Open AccessA Novel, Universal and Sensitive Lateral-Flow Based Method for the Detection of Multiple Bacterial Contamination in Platelet Concentrations
Author(s) -
Jidong Wang,
Xiaohui Wang,
Yuan Li,
Shaoduo Yan,
Qianqian Zhou,
Bo Gao,
Jianchun Peng,
Juan Du,
Qiuxia Fu,
Shuaizheng Jia,
Juankun Zhang,
Linsheng Zhan
Publication year - 2012
Publication title -
analytical sciences
Language(s) - English
Resource type - Journals
SCImago Journal Rank - 0.392
H-Index - 73
eISSN - 1348-2246
pISSN - 0910-6340
DOI - 10.2116/analsci.28.237
Subject(s) - dipstick , detection limit , chemistry , amplicon , nucleic acid , bacteria , microbiology and biotechnology , polymerase chain reaction , chromatography , fluorescein isothiocyanate , 16s ribosomal rna , genomic dna , contamination , nucleic acid detection , dna , fluorescence , biochemistry , biology , gene , genetics , urine , physics , ecology , quantum mechanics
In the present study, we aimed to develop a nucleic acid lateral-flow method for the rapid and sensitive detection of multiple bacteria that contaminate platelet concentrations (PCs).
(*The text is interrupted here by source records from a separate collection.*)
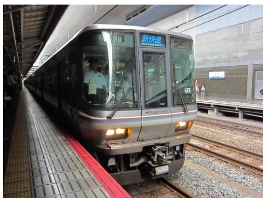
[新快速]東海道本線 京都にて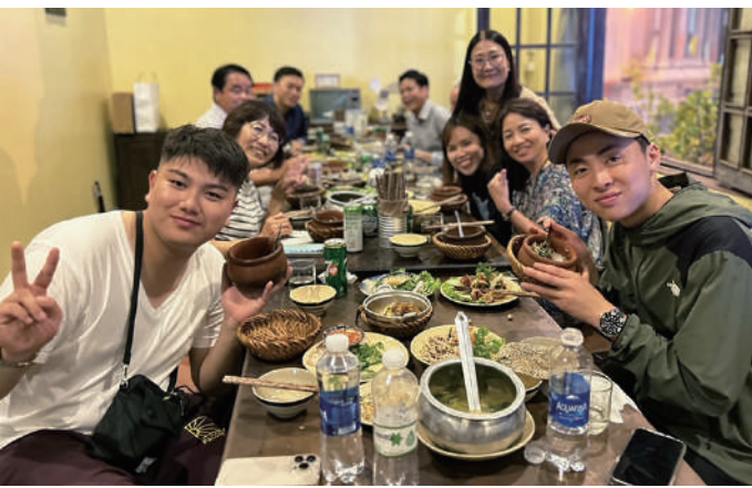
ベトナムの伝統料理をみんなで味わう

今回のベトナム訪問では日本では感じられない事を沢山感じられたとてもいい経験になりました。この経験を今後の人生の生きる活力にしていきたいです。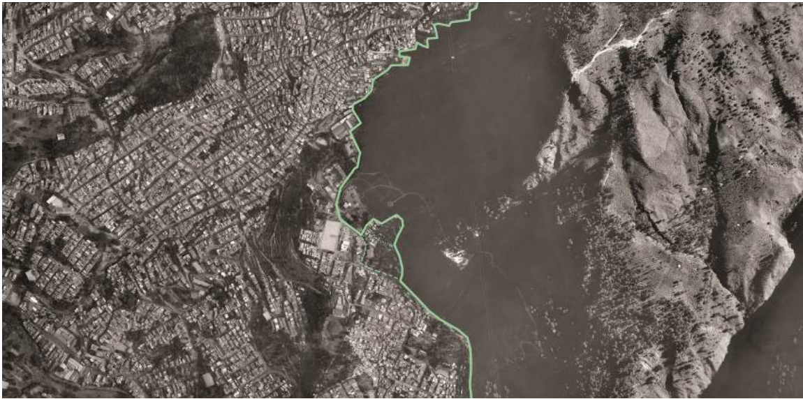
Fig. 4. Imagen aérea de la Comuna 8, límite con la zona no edificada.

relacionen la intervención espacial con las mejoras sociales, culturales y económicas. En vista de la vulnerabilidad de las zonas de acción no es suficiente acondicionar espacios públicos, sino que es necesario prever como estas intervenciones mejoran la seguridad social, económica y alimentaria de su población.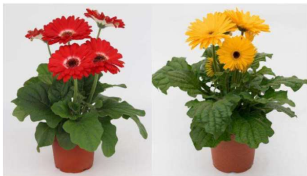
Red Bicolour Dark Eye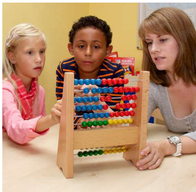
Als Nachhilfekraft kann man Schülern helfen, ihre Corona-bedingten Lernrückstände aufzuholen.

(djd). Angehende Lehrerinnen und Lehrer können schon während ihres Studiums Arbeitserfahrung als Dozenten in der Nachhilfe sammeln. Seriöse Arbeitgeber geben ihren Mitarbeitern und Mitarbeiterinnen erprobte Leitlinien an die Hand, die sowohl der Lehrkraft als auch dem Schüler als Hilfestellung dienen. Der Studienkreis bietet darüber hinaus eine spezielle Zertifizierung zur „geprüften Lehrkraft für individuellen Förderunterricht“ an. Und da sich die Digitalisierung immer weiter auf dem Vormarsch befindet, können sich angehende Nachhilfelehrkräfte unter www.studienkreis.de über eine separate Qualifizierung zum „eTutor für Online-Nachhilfe“ informieren. Ein TÜV-Siegel ist ein weiterer Indikator für ein qualitativ hochwertiges Nachhilfeeinstitut, das seine Mitarbeiter ordentlich ausbildet.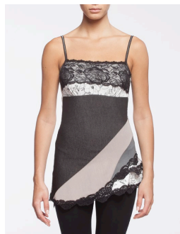
11-102 Cancan Blanc / White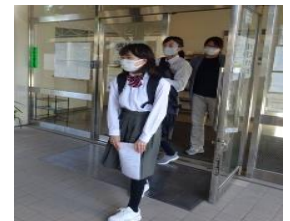
↑朝、支援員さんの送り出し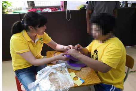
制作出属于自己的帽子，孩子们特别开心。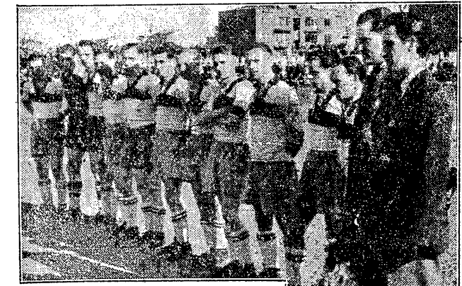
A. K. S. z Chorzowa doznał sensacyjną porażkę z Czacowią 1:6:

Polymerase chain reaction (PCR) amplicons were produced by a set of board-range primers that recognize the conserved region of bacteria 16S rDNA, followed by hybridization with both an FITC (fluorescein isothiocyanate)-labelled probe and biotin-labelled probe, and then a nucleic acid lateral-flow dipstick (LFD) assay. The LFD accurately identified 7 species of bacteria, but had no cross-reactivity with human genomic DNA. The limit of detection (LOD) of the LFD assay was as low as 10(1) copies/µL of 16S rDNA for plasmid. In the case of spiked PCs without enrichment, the detection limit of LFD for K. pneumonia was 5 CFU/mL, 6.5 × 10(4) CFU/mL for the S. epidermidis and 35 CFU/mL for P. aeruginosa.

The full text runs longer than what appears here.